Hive - Efficient join of two tables

maia picture maia · Nov 25, 2013 · Viewed 33.3k times · Source

I am joining two large tables in Hive (one is over 1 billion rows, one is about 100 million rows) like so:

create table joinedTable as select t1.id, ... from t1 join t2 ON (t1.id = t2.id);

I have bucketed the two tables in the same way, clustering by id into 100 buckets for each, but the query is still taking a long time.

Any suggestions on how to speed this up?

Answer

dimamah picture dimamah · Nov 26, 2013

As i see it the answer is a bit more complicated than what @Adrian Lange offered.

First you must understand a very important difference between BucketJoin and Sort-Merge Bucket Join (SMBJ):

To perform a bucketjoin "the amount of buckets in one table must be a multiple of the amount of buckets in the other table" as stated before and in addition hive.optimize.bucketmapjoin must be set to true.
Issuing a join, hive will convert it into a bucketjoin if the above condition take place BUT pay attention that hive will not enforce the bucketing! this means that creating the table bucketed isn't enough for the table to actually be bucketed into the specified amount of buckets as hive doesn't enforce this unless hive.enforce.bucketing is set to true (which means that the amount of buckets actually is set by the amount of reducers in the final stage of the query inserting data into the table).
As from the performance side, please note that when using a bucketjoin a single task reads the "smaller" table into the distributed cache before the mappers access it and do the join - This stage would probably be very very long and ineffective when your table has ~100m rows!
After wards the join will be done same as in a regular join done in the reducers.

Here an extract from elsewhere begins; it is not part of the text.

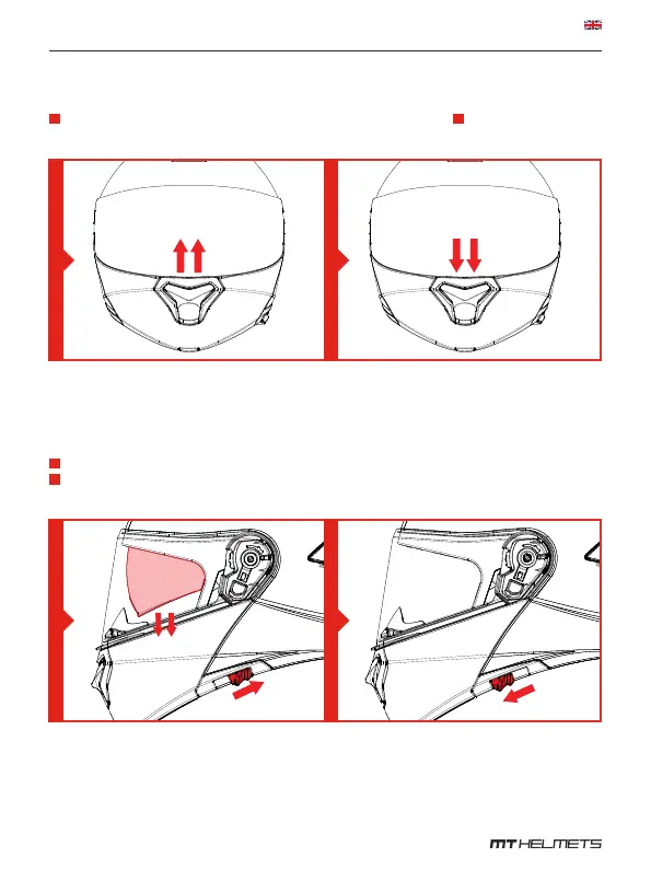 Push down the side tab located on the left side of the helmet to retract the sun visor.

To perform a SMBJ both tables have to have the exact same amount of buckets , on the same columns and sorted by these columns in addition to setting hive.optimize.bucketmapjoin.sortedmerge to true.
As in the previous optimization, Hive doesn't enforce the bucketing and the sorting but rather assumes you made sure that the tables are actually bucketed and sorted (not only by definition but by setting hive.enforce.sorting or manually sorting the data while inserting it) - This is very important as it may lead to wrong results in both cases.
As from the performace side, this optimization is way more efficient for the following reasons :

  1. Each mapper reads both buckets and there is no single task contention for distributed cache loading
  2. The join being performed is a merge-sort join as the data is already sorted which is highly more efficient.

Please note the following considerations :

  • in both cases set hive.input.format=org.apache.hadoop.hive.ql.io.BucketizedHiveInputFormat;
    should be executed
  • in both cases a /*+ MAPJOIN(b) */ should be applied in the query (right after the select and where b is the smaller table)
  • How many buckets?
    This should be viewed from this angle : the consideration should be applied strictly to the bigger table as it has more impact from this direction and latter the configuration will be applied to the smaller table as a must. I think as a rule of thumb each bucket should contain between 1 and 3 blocks, probably somewhere near 2 blocks. so if your block size is 256MB it seams reasonable to me to have ~512MB of data in each bucket in the bigger table so this becomes a simple division issue.

Also, don't forget that these optimizations alone won't always guarantee a faster query time.
Lets say you choose to do a SMBJ, this adds the cost of sorting 2 tables prior to running the join - so the more times you will run your query the less you are "paying" for this sorting stage.

Sometimes, a simple join will lead to the best performance and none of the above optimization will help and you will have to optimize the regular join process either in the application/logical level or by tuning MapReduce / Hive settings like memory usage / parallelism etc.